The first image is the buon fresco completed on the previous page. The background, red bottle, lime and large goblet are buon fresco. The added small wine glass is just cera colla.
Cara cola has a very matt finish before buffing. Cera colla and turpentine will shine with just your brush while you're applying it. It's hard to believe how easily the shine is applied, and how high it buffs up. It shines like a gloss ceramic glaze. I can see why cera colla was a very popular medium for a long time. I can also trowel on wax and pigment to build up areas. I have been keeping the emulsion balance to the turpentine side on the big goblet and water ammonia on the small glass. All this work was done after the first photo.
TIP: Add paint with ammonia, remove paint with water.
I also want to try repairing. I drew another glass on the left with pencil, it erases very easily off the fresco and nothing moves. It was washed this morning and all colors had absorbed beautifully. I cut out the new big glass outline and laid new intonaco, shaping it in bas relief.
Cadmium red would not have given me this warm brilliance in the Red Bottle. Thioindigoid red, PR88 (same as Grumbacher Red) is the better choice in all media for a red light hue I think. I think it's the smaller pigment particle size that I like better. Red at It's perfect hue is in my opinion, Irgazine Red PR254.
Just for information, Venetian Red Oxide is RCW#7.5.5 opaque, Burnt Umber is RCW#7.10.5 translucent. This is the way red gets dark in crystals also. The Crystal color chart and a crystal supplier, Top Rocks.
Two days later I decided to do more to this buon fresco with a little secco. Gloss the bottle with Cera Cola, (go here to make it) and make it shiny with this bees wax water based medium, then add a glass painted in cera colla with pigment, also in secco which is done after the fresco has dried.
9-25-0. The glass is drawn in, the wine bottle got it's first coat of cera colla. In the morning I'll soak it and start chipping away at the glass area of the intonaco. The applied cera colla media looks milky tonight.
I shot the picture, soaked the panel and started removing the old intonaco area for the new glass goblet. Lime hardens from the top and this one is already getting a hard crust that has a slight sheen. Under the crust the mortar is easy to remove. The first picture is the buon fresco. The second shows the glass pencil drawing and water beading on the cera colla.
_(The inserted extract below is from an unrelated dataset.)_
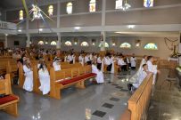 We wtorek 13 maja 2025 roku – w 108 rocznicę objawień Matki Bożej Fatimskiej i w 44. rocznicę zamachu na życie Jana Pawła II rozpoczęły się w naszej parafii procesje fatimskie po Mszy świętej o godz. 18:00. Tego dnia na nabożeństwo majowe przybyły dzieci pierwszokomunijne, które po majówce zostały na Eucharystii. Na zakończenie Mszy św. wieczornej dzieci, które dzień wcześniej po raz pierwszy przyjęły komunię świętą złożyły przyrzeczenia abstynenckie.

9-27-4, 9:00, started by submerging the tile a 1/2 hour while making a new intonaco of 1:1 lime and crushed white marble. A moist skim milk coat was applied with a bristle brush to get good adhesion to the layer below. 11:28. Finished laying glass giornate. The thickest part of the glass bass-relief is 1/8 inch higher than the original intonaco. I applied enough pressure to decrease the amount of still watery lime in the mortar. This top watery slip should be removed. The longer you wait before adding pressure the less slip will come to the surface.
The picture below shows the cut-out giornate down to the brown coat in full sunlight with no reflection off the bottle. Than the loose intonaco milk-slip coat was applied with a bristle brush.
12:24. Finished painting the large wine glass giornate. 4:00. I Re-pressed, re-troweled over the glass area, I pressed so hard the mortar's gloss is shinier than the wax on the bottle. This is the glossy fresco of old. It will still accept pigment after the hard glossy pressing. It's like you have backed-up and re-set the mortar. It works for painting on it the next day also, I'm proving this in the test below. A damp sponge instead of a trowel will do the job but leaves a rougher surface. What's happening is the harder calcium carbonate is being either absorbed below by pressure or removed from the top with water. Laid intonaco can stay untouched for a long time because the crust holds in moisture. At the bottom of this page is last night's test on this subject.
Bass-relief goblet, cera colla small wine glass.
Goblet, Red Bottle, Lime and Small Wine Glass painted in shiny Cera Colla.The large stem and small glass are cera colla and pigment on buon fresco. Only the lime and background are free of glossy cera colla.
It's in the way the light shines on it from different angles that make the rounded goblet look 3- dimensional.
Cera colla is decorative and protective against dirt, water and mold, that's great for bathroom frescos.
Look how the water beads and how reflecting light can make the small glass stand out.
12:00. I laid intonaco on an 8"x8" tile using 2:1, 2 sm. sand and white crushed limestone to 1 lime, one layer only. Tile, with it's fired gloss on the bottom and sides holds water very well.
9-29-4, 10:00 AM. You can see the different darker side pressed side. I'm going to wet the tile, wipe off the crust and the top layer of lime off the untouched side. Then press it to bring up some lime back to the surface again. I left a wiped off area to compare both pressed sides. All three sections are ready to paint but the quality of the finished surface is different.
10:30 to 11:40 painting the flower and leaf. The painting goes right through the unpressed stripe. Just now I used a painting knife to press the leaf flat and edges of the flower petals.
10-1-4. The little fresco did fine, no cracks. I washed and scrubbed it under water, all colors have absorbed and nothing moved.